We conclude, for this specific example, that RK showed the best performance based on the implemented evaluation metrics. Therefore RK is a suitable method predicting SOC values across FYROM, although other methods generate similar results, we propose that, given available data, RK could be also easier to interpret, because it provides the means to identify the main effects and coefficients of the relationships across the covariate space and the response variable. Beyond model evaluation, the spatial combination of different modeling approaches (e.g., by the means of the ensemble learning theory) should also be considered in order to maximize the accuracy of results. Regardless the statistical space, the users should be aware that different plausible predictions or conventional SOC maps provide complementary information. From a pedological point of view the GM is apprapiate for the accurate delinetion of soil units and the continuos use of different modeling approaches will enhance our capacity to describe the functional variability with higher spatial detail and accuracy within each soil type unit.

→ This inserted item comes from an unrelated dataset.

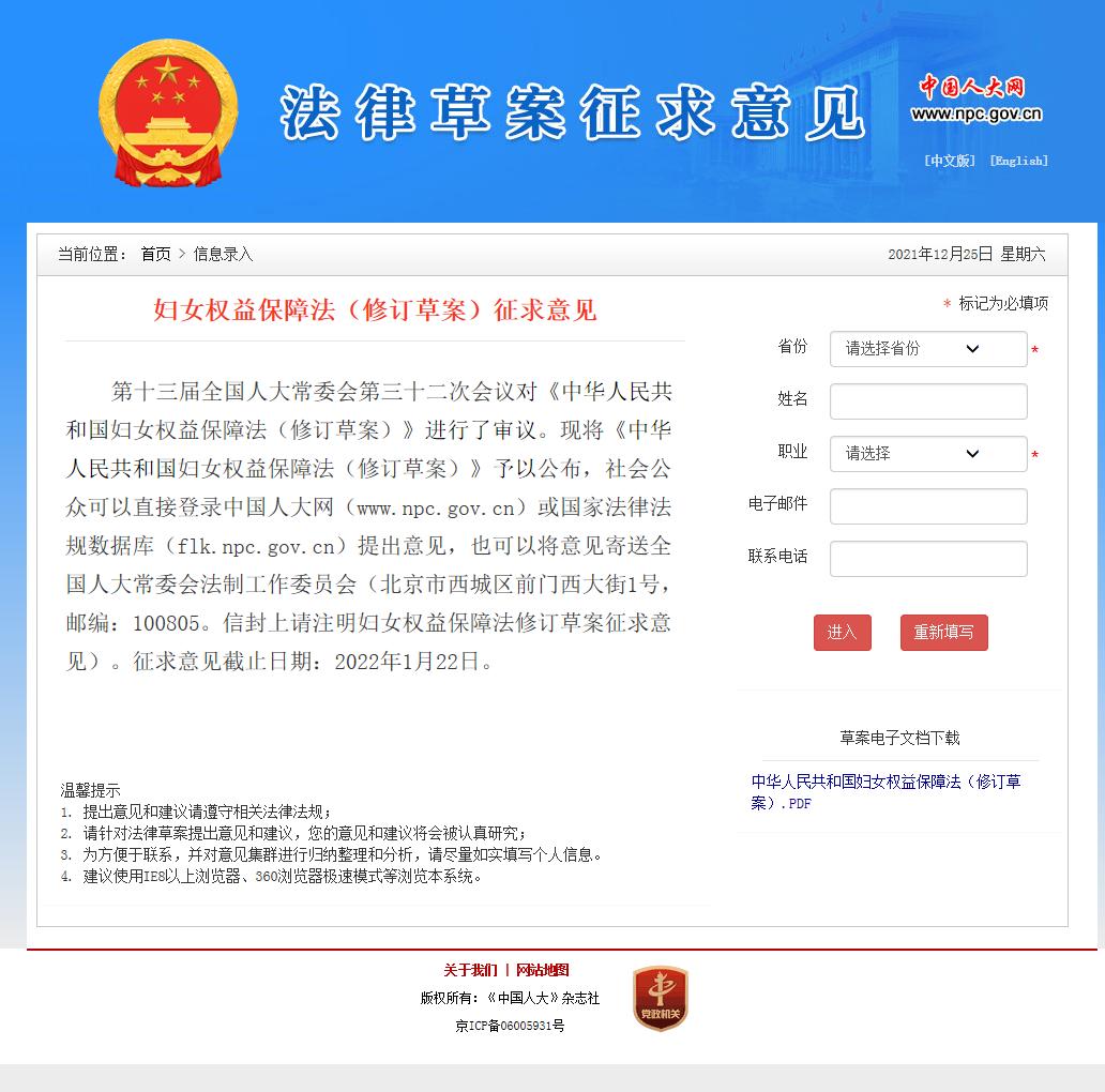 《中华人民共和国妇女权益保障法(修订草案)》12月24日在中国人大网公布,公开征求社会意见。各位姐妹可以直接登录中国人大网(www.npc.gov.cn)或国家法律法规数据库(flk.npc.gov.cn)提出意见,也可以将意见寄送全国人大常委会法制工作委员会(北京市西城区前门西大街1号,邮编:100805。信封上请注明妇女权益保障法修订草案征求意见)。征求意见截止日期:2022年1月22日。

Finally, we want to highlight that integrating different statistical methods and visualization tools, such as those provided by the **openair** package in **R** [@openair] will enhance our capacity to identify the best modeling approaches and a combination of SOC prediction factors given a specific dataset. Model evaluation benefits our understanding of the circumstances why each modeling approach will generate different results, which is a first step towards reducing uncertainty while increasing the spatial resolution and accuracy of predictions, the eternal problem for DSM.